Lakhdar Brahimi juge le discours du président syrien "sectaire" et "partial"

L'émissaire international Lakhdar Brahimi a qualifié de "sectaire" et "partial" le discours du président syrien Bachar al-Assad, dans un entretien accordé mercredi à la chaîne britannique BBC.

Ce discours "est la répétition d'initiatives anciennes qui n'ont clairement pas marché (...) Ce qui a été dit cette fois-ci n'est vraiment pas différent, (ce discours) est encore plus sectaire et partial", a déclaré M. Brahimi.

"En 2012, il y a eu un nouveau Parlement, une nouvelle Constitution, un nouveau gouvernement. Et la situation ne s'est pas améliorée d'un iota", a-t-il encore estimé.

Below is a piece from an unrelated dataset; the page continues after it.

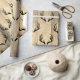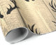 Rustic wrapping paper featuring black deer a antlers pattern. The background is a light vintage sepia barn wood planks design.
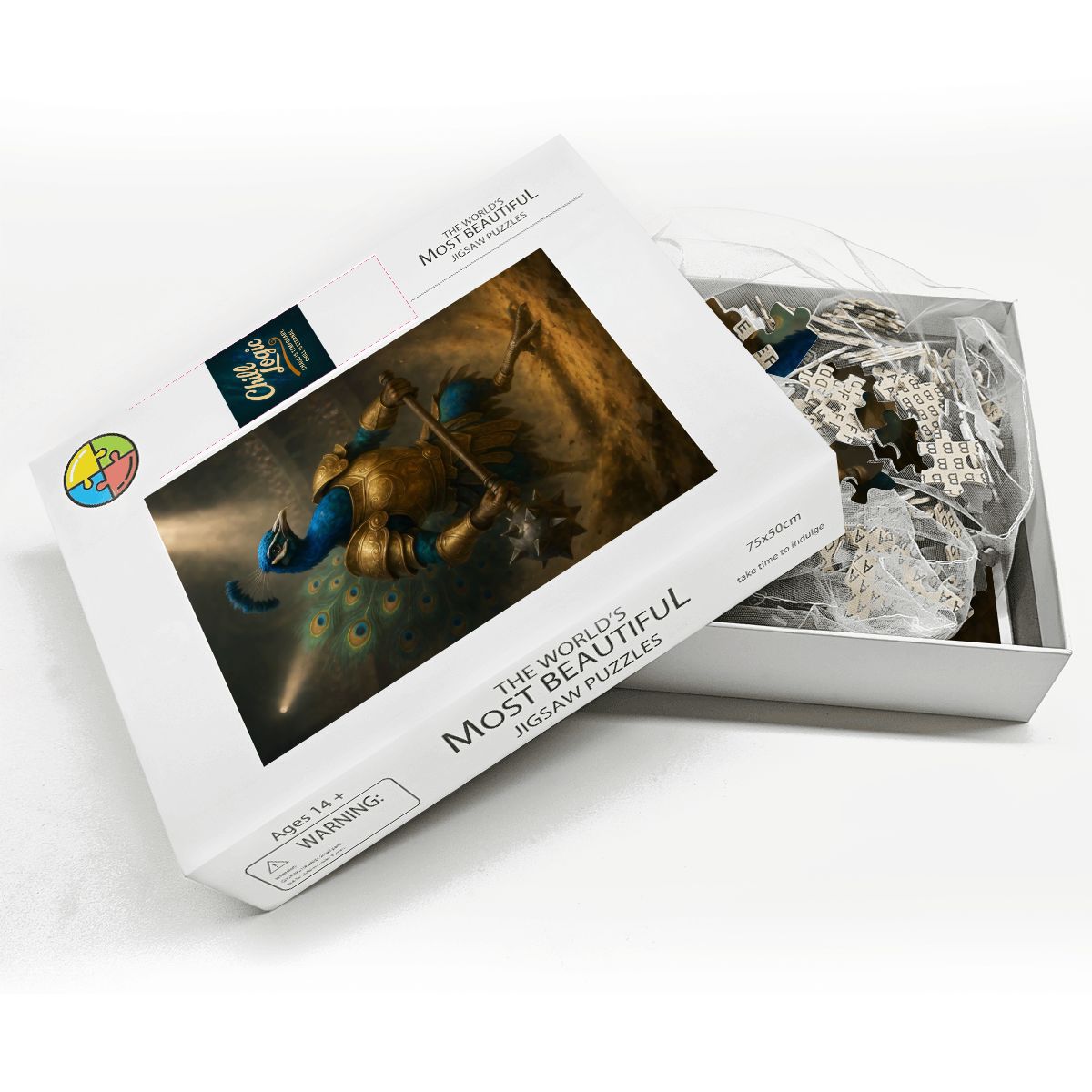 This puzzle is an intoxicating mix of opulence and grit. One moment, you’re fitting together the iridescent feathers of its tail, a cascade of jewel tones that seem to glow from within. The next, you’re lost in the deep gold metallics of the armor, each plate catching the warm light differently. Then, the dusty arena floor—subtle in hue, yet intricate in texture—pulls you into the scene’s heat and weight.

"Ce qu'il faut c'est reconnaître qu'il y a un problème, un très très grave problème entre les Syriens, et que les Syriens doivent se parler pour le résoudre", a poursuivi l'envoyé de l'ONU et de la Ligue arabe.

"En Syrie, comme ailleurs, nos peuples dans la région réclament un véritable changement, pas un changement cosmétique. Le temps des réformes généreusement accordées (par le pouvoir) est révolu", a-t-il dit avec ironie.

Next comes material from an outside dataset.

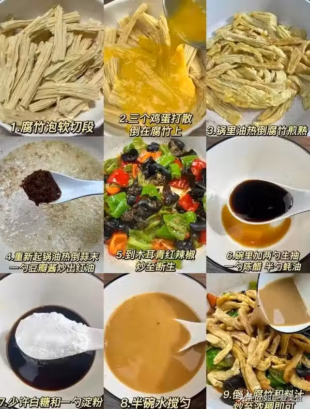做法:腐竹泡發切段,木耳泡發撕小朵,青椒切塊。

"Le peuple veut avoir son mot à dire sur la façon dont il est gouverné. En Syrie en particulier, ce que les gens disent c'est qu'une famille qui règne pendant 40 ans, c'est un peu trop long. Je pense que le président Assad pourrait prendre l'initiative de répondre aux aspirations de son peuple, plutôt que d'y résister", a-t-il poursuivi.

Il faisait allusion à la prise du pouvoir en 1970 par Hafez al-Assad, le père de Bachar al-Assad qui lui a succédé en 2000 après son décès.

Bachar al-Assad a proposé dimanche un plan pour sortir de 21 mois de conflit prévoyant la fin des opérations militaires, suivie d'un dialogue national sous l'égide de son propre gouvernement.

En dépit du rejet catégorique de ce plan par l'opposition, le gouvernement s'affaire depuis mardi à mettre sur pied les mécanismes d'application de cette feuille de route.